Study Shows Local Government Professionals Benefit from Leadership Training

Oct 14, 2015 | BLOG POST
leadership-compass

If you attend leadership development programs, you know it's good for your career.

But how often and what programs should you be attending?

To answer those questions, the University of Kansas and two of its professors ran a study to address the effectiveness and "skill decay" of leadership training at the local government level.

The data, published by Public Personnel Management earlier this year in "Considering the Effects of Time on Leadership Development: A Local Government Training Evaluation," states:

City department supervisors would benefit from training roughly every eight to nine months on conceptual leadership skills, like strategic planning and conflict resolution and supervisors need less frequent training on interpersonal skills, such as team collaboration, accepting and providing feedback, and understanding citizens' needs.

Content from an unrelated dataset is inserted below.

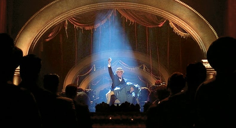 The vaudeville number comes to an end in a final tableau. You see the full stage picture here: the frozen audience in silhouette, all four proscenium arches in perspective, the reporters as lifeless marionettes, and, of course, Billy triumphant with Roxie, "the dummy," collapsed in his arms. It's a classic, formal composition. I'll never forget when we first showed this to an audience in a test preview and the place erupted into applause. I was honestly so shocked to hear that kind of reaction in a movie theater.

Why is conceptual leadership training like strategic planning more important than interpersonal skill training? 

While surveyed leaders of various departments from police, fire, public works, parks and recreation and others reported instituting strategies of conceptual leadership that they learned, such as providing clear goals and defining expectations from their departments, the study found that roughly eight months after the training, the effects in this area seemed to wane.

One of the professors of the study, Heather Getha-Taylor stated, "You probably need more frequent reminders because you may not actually be putting that into practice on a daily basis."

And why is leadership training so important to the profession? 

"You can't have good service provision if public employees are not well-trained. If they're not up to date on their knowledge, if they don't have the appropriate skill sets, then we're not going to get the performance we want," Getha-Taylor said.

You can find excellent leadership development programs through ICMA and closer to home through your state or national associations. Some programs allow you to participate conveniently from your home or office.